The artist and his or her record is listed first, followed by the other performers on that album. One thing that I want to know, in reading the names listed, particularly for the very early recordings, what became of those people? On Bix Beiderbecke's selected album, for instance, I knew the names Jimmy Dorsey and Frankie Trumbaure, in addition to Beiderbecke. But beyond that, who was Don Murray, Joe Venuti and Bill Challis? Were they always sidemen; those guys who backed up the main performer? Did they ever make a recording on their own with their name first?

One thing Ken Burns' Jazz program reminded viewers is that alcohol and heroin were synonymous with jazz, unfortunately. Beiderbecke drank himself to death before age 30. Billie Holliday was addicted to heroin as was Miles Davis. He went home to East St. Louis and willed himself clean. How many of these names died early deaths? How many faded into obscurity after recording one or two albums? Did they hop around? Some names, like Max Roach, were all over the place, playing for a wide variety of people because they were very good. Some, like Johnny Hodges, stayed with one band, Duke Ellington's, his entire career.

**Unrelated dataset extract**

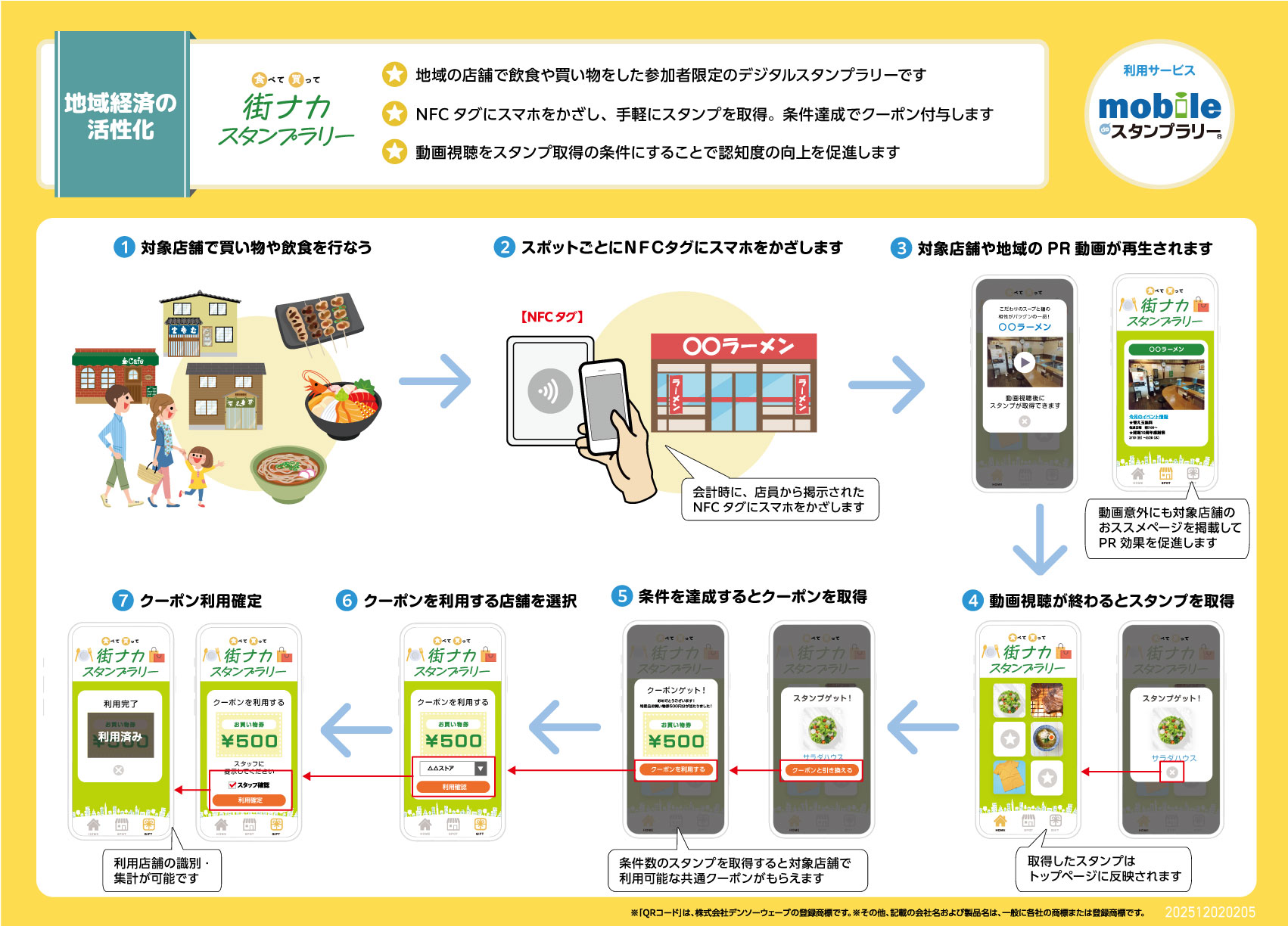 各地点に掲載されたNFCタグが仕込まれたポスターに対応機種のスマートフォンをかざし、スタンプを獲得します。各地点を周りスタンプを集め、すべてのスタンプを集めると後日景品が届く抽選に応募ができるようになります。さらにお得なクーポンを提供することで、売上アップや来客増に繋がります。

And another thing, nicknames. David 'Fathead' Newman and Jeff 'Tain' Watts are a couple of current jazz artists with nicknames. That's just not done anymore. Looking at the lists of people on albums, nicknames or 'unusual' first names were everywhere:  Cootie Williams, Kid Ory, Earl "Fatha" Heins, many "Budds", "Reds" and "Juniors". Dizzy Gillespie's first name was John, but no one called him that. Duke Ellington's first name was "Edward" and Count Basie was a "William". Perhaps it's indicative of the era. Performers, with the exception of rap and hip-hop, are known by their real names, not nicknames.

I'm on the fence about keeping this book, even as a reference. I just added Bobby Darin's Greatest Hits to my collection and he's nowhere to be found in this book. I suspect the author would look down on his style of singing as cloying and overly commercial. Darin was more popular because of his good looks than his singing, if truth be told, but I prefer his rendition of "Mack the Knife" to Louis Armstrong's or Ella Fitzgerald's.

In the end, it's more about what you like than what a critic says is what you should have in your collection. This was a good read, to be exposed to artists I'd never heard of; they aren't played on WDCB. When it comes to spending my pennies, I'm going to look at what I have and then what I'd like to add. A critic may be sour on Fred Astaire Sings Gershwin, but I'd really like to find that on CD or have someone make a CD from the cassette tape I own. Some music, I just like.